TASK GOAL: Take the listing below and write it out again exactly, skipping any picture that it holds.

SOURCE MATERIAL:

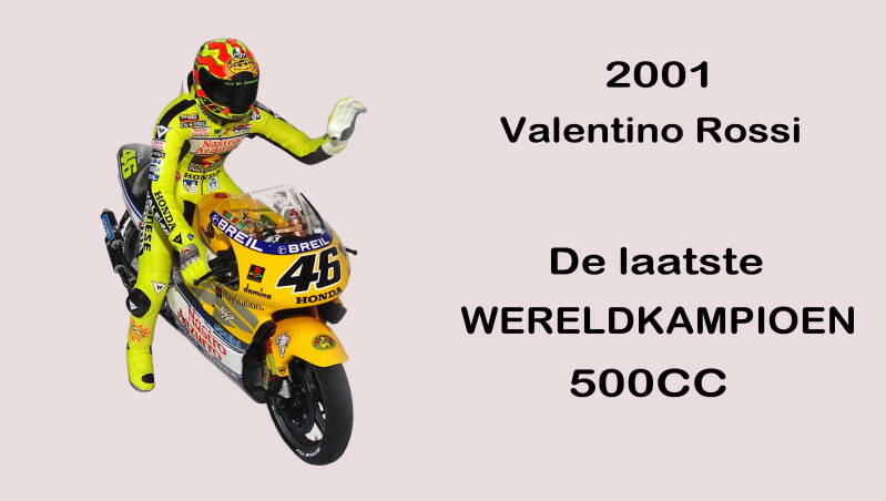 2001 is het laatste jaar dat de 500cc klasse verreden is. Rossi mag zich dus de laatste wereldkampioen 500cc klasse noemen. In 2002 start de nieuwe koningsklasse met een cilinderinhoud van 990 cc en Valentino werd in dat jaar ook wereldkampioen waardoor hij zich ook weer de 1e wereldkampioen in deze klasse mag noemen. Inmiddels weten wij dat Valentino Rossi zal uitgroeien tot de smaakmaker van de Koningsklasse en dat er nog vele wereldtitels zullen volgen.
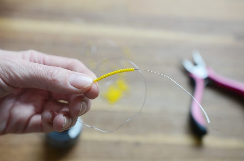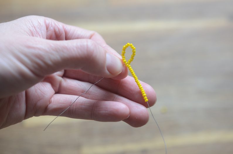 Začněte korálky s menším průměrem. Navlékněte 20 kusů na drátek, poté udělejte smyčku a v protisměru veďte konec drátku skrz první korálek v řadě. Utáhněte a nechte na konci alespoň 5 centimetrů drátu a na druhém alespoň 20 volných centimetrů.
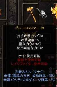 ナイト諸氏はご存知かと思いますが、片手メイス(ハンマー)スキル付の最強武器はいまだにモーニングスターです。N+15で攻撃力は79-88です。グレートハンマーはもともと両手メイス。N+15でなんと攻撃力は111-112。片手メイスならもちろん最強。
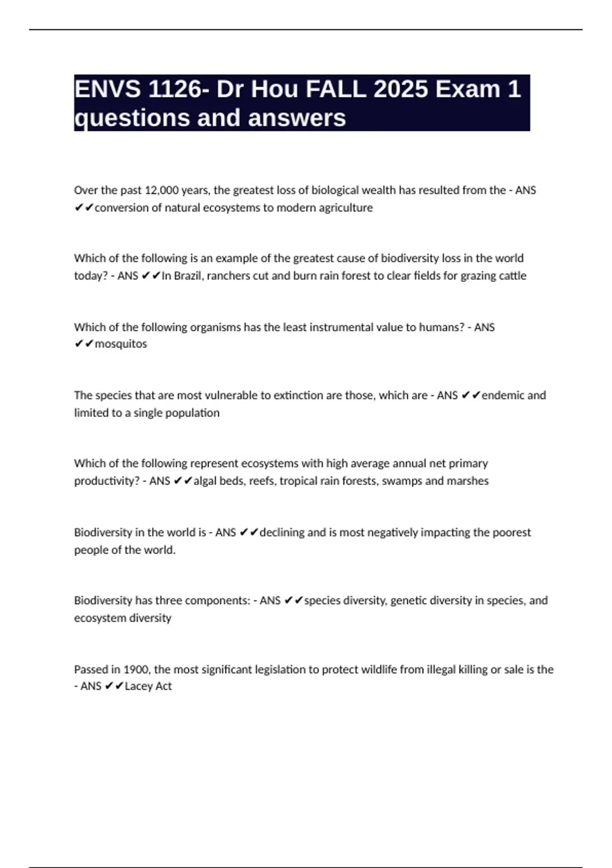ENVS 1126- Dr Hou FALL 2025 Exam 1 questions and answers
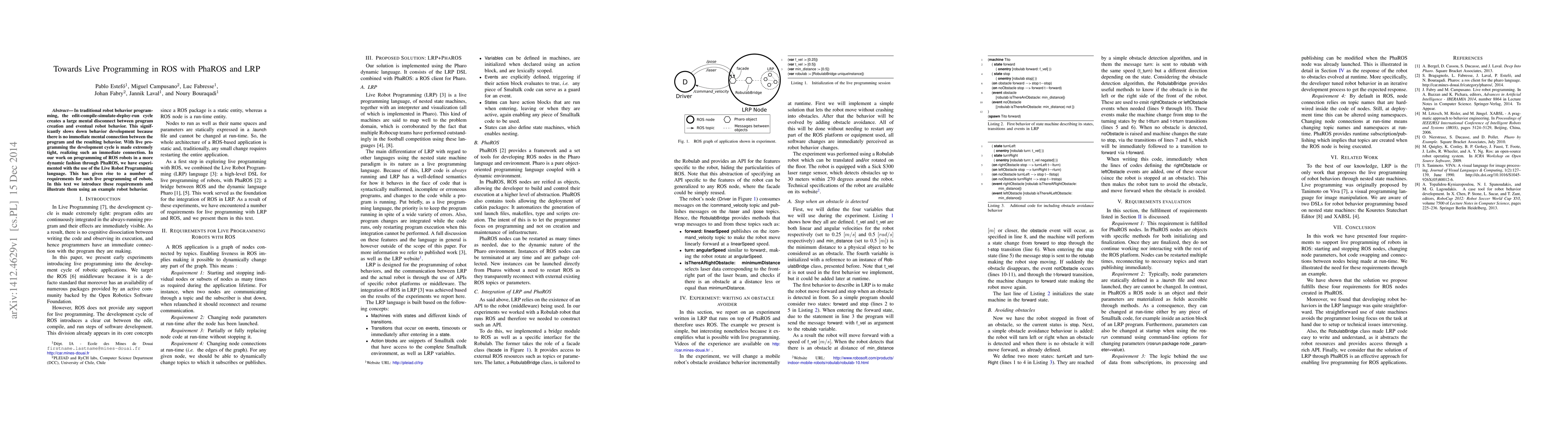 This paper discusses the implementation of live programming for ROS (Robot Operating System) robots using PhaROS and LRP (Live Robot Programming). It highlights the inefficiencies in the traditional edit-compile-simulate-deploy-run cycle and proposes live programming to create an immediate connection between code creation and robot behavior. The authors outline key requirements for live programming of robots, illustrated with a robot behavior example.
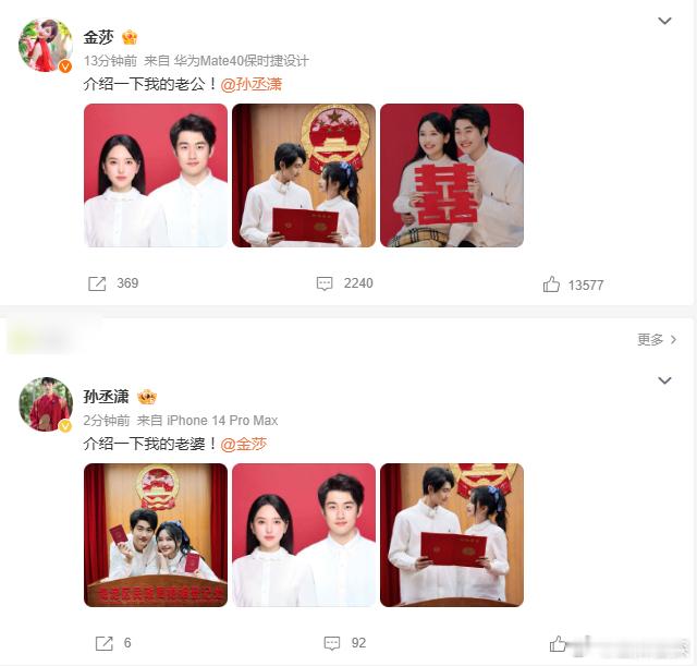 金莎孙丞潇官宣领证金莎老公孙丞潇《妻子的浪漫旅行》金莎孙丞潇官宣领证!!金莎:介绍一下我的老公孙丞潇,孙丞潇:介绍一下我的老婆金莎,好浪漫啊,恭喜有情人终成眷属

OUTPUT BELOW:
 2001 is het laatste jaar dat de 500cc klasse verreden is. Rossi mag zich dus de laatste wereldkampioen 500cc klasse noemen. In 2002 start de nieuwe koningsklasse met een cilinderinhoud van 990 cc en Valentino werd in dat jaar ook wereldkampioen waardoor hij zich ook weer de 1e wereldkampioen in deze klasse mag noemen. Inmiddels weten wij dat Valentino Rossi zal uitgroeien tot de smaakmaker van de Koningsklasse en dat er nog vele wereldtitels zullen volgen.
 Začněte korálky s menším průměrem. Navlékněte 20 kusů na drátek, poté udělejte smyčku a v protisměru veďte konec drátku skrz první korálek v řadě. Utáhněte a nechte na konci alespoň 5 centimetrů drátu a na druhém alespoň 20 volných centimetrů.
 ナイト諸氏はご存知かと思いますが、片手メイス(ハンマー)スキル付の最強武器はいまだにモーニングスターです。N+15で攻撃力は79-88です。グレートハンマーはもともと両手メイス。N+15でなんと攻撃力は111-112。片手メイスならもちろん最強。
ENVS 1126- Dr Hou FALL 2025 Exam 1 questions and answers
 This paper discusses the implementation of live programming for ROS (Robot Operating System) robots using PhaROS and LRP (Live Robot Programming). It highlights the inefficiencies in the traditional edit-compile-simulate-deploy-run cycle and proposes live programming to create an immediate connection between code creation and robot behavior. The authors outline key requirements for live programming of robots, illustrated with a robot behavior example.
 金莎孙丞潇官宣领证金莎老公孙丞潇《妻子的浪漫旅行》金莎孙丞潇官宣领证!!金莎:介绍一下我的老公孙丞潇,孙丞潇:介绍一下我的老婆金莎,好浪漫啊,恭喜有情人终成眷属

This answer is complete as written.